Элис немного успокоилась, ее лицо, озаренное улыбкой, стало мягче.
– О, если б мог сейчас я умереть! Счастливее я никогда не буду… Это слова Отелло, Пташка, и я чувствую то же, что он. Я так счастлива, что и смерть не страшна, – призналась она. – Так что, возможно, про меня была вся песня.
Взяв Элис за руку, Пташка потащила ее к дому. У нее отчего-то возникло чувство тревоги. Она оглянулась и посмотрела назад. На мосту никого не было, так же как и на дороге впереди них.

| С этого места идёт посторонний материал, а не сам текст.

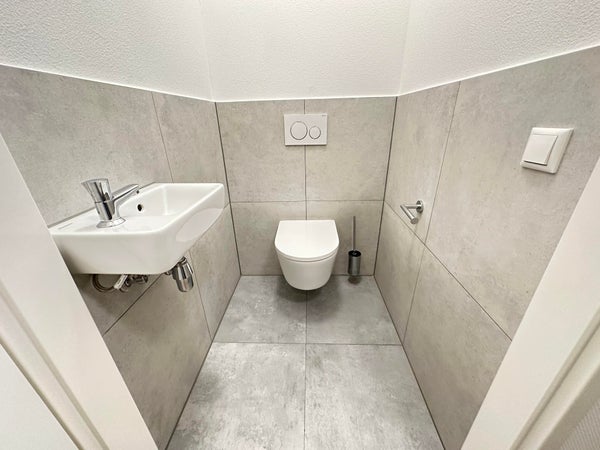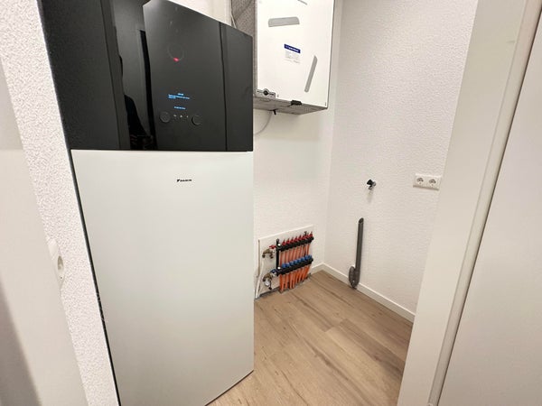 Separaat toilet voorzien van fonteintje. Aparte bergruimte met technische voorzieningen.
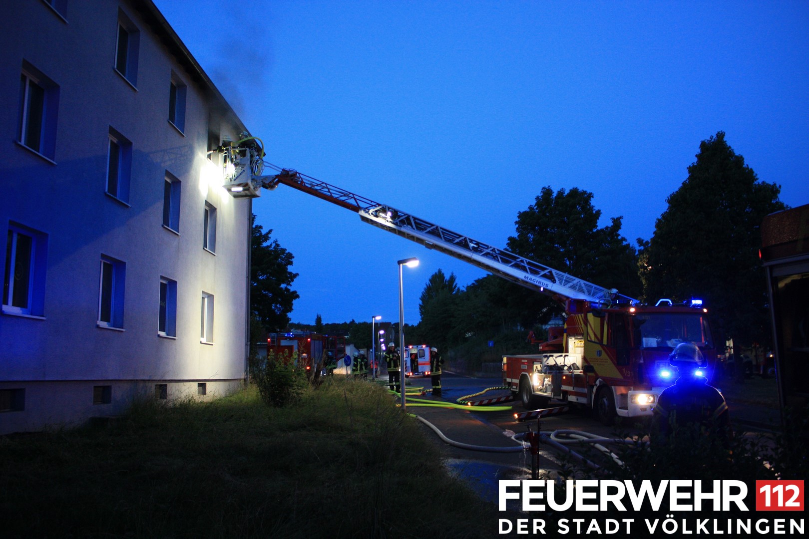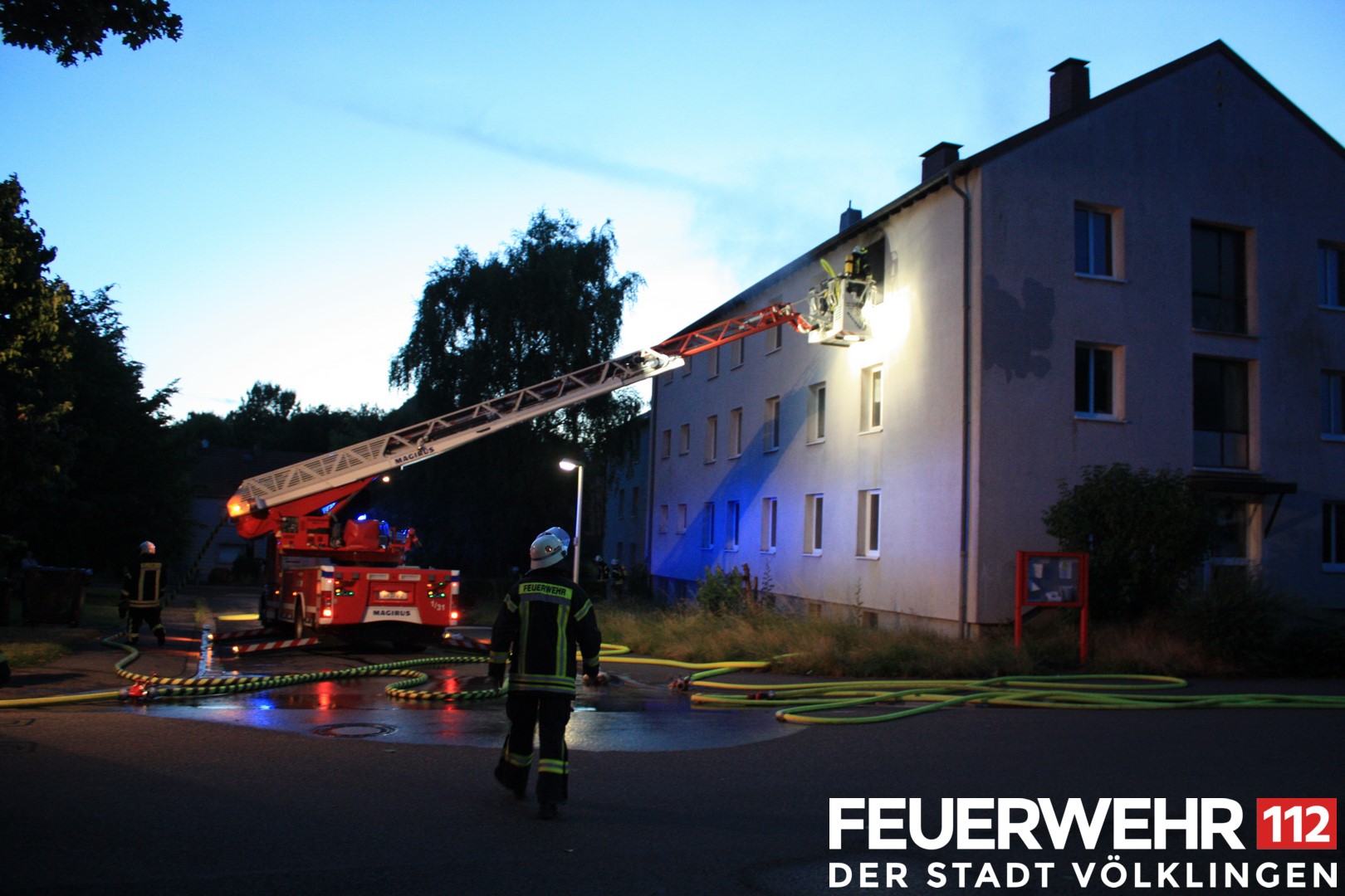 Die Feuerwehr wurde zu einem Brand in einem Gebäude alarmiert. Beim Eintreffen der Einsatzkräfte drang bereits dichter Rauch aus dem zweiten Obergeschoss des Gebäudes. Es wurden mehrere Trupps unter schwerem Atemschutz zur Personensuche und Brandbekämpfung in das Gebäude geschickt. Zum Zeitpunkt des Einsatzes befanden sich jedoch keine Menschen im Gebäude. Nach Abschluss der Löscharbeiten und Belüftung des Gebäudes wurde die Einsatzstelle für die Kriminalpolzei zur Brandursachenforschung ausgeleuchtet. Nach Abschluss der Arbeiten konnte die Einsatzstelle übergeben werden.

– Пожалуй, я спою эту песенку Бриджит, когда мы вернемся домой, – проговорила Пташка.
– Ты просто обязана это сделать, дорогая. Ведь мы-то знаем, как она любит, когда ты поешь, хотя сама ни за что в этом не сознается. Только не забудь как бы невзначай заметить, что слышала песню в деревне от заезжего коробейника.
– Я скажу, что мне ее напел Дэн Смидерз, хозяин баржи. Он знает уйму старинных песен.
– Хорошая идея. – Их голоса напугали какую-то птицу, сидевшую на дереве, под которым они проходили, и та захлопала крыльями в густой листве. – Знаешь, Пташка, когда я выйду за Джонатана, он станет тебе братом.
– А он согласится?
– Конечно. Ведь ты мне сестра. Поэтому станешь сестрой и ему тоже. Знаешь, что это значит? – Элис взглянула на Пташку, не переставая помахивать рукой в такт своим неспешным шагам. – Это значит, что тебя никто никогда не посмеет обидеть. И это значит, что мы всегда будем о тебе заботиться.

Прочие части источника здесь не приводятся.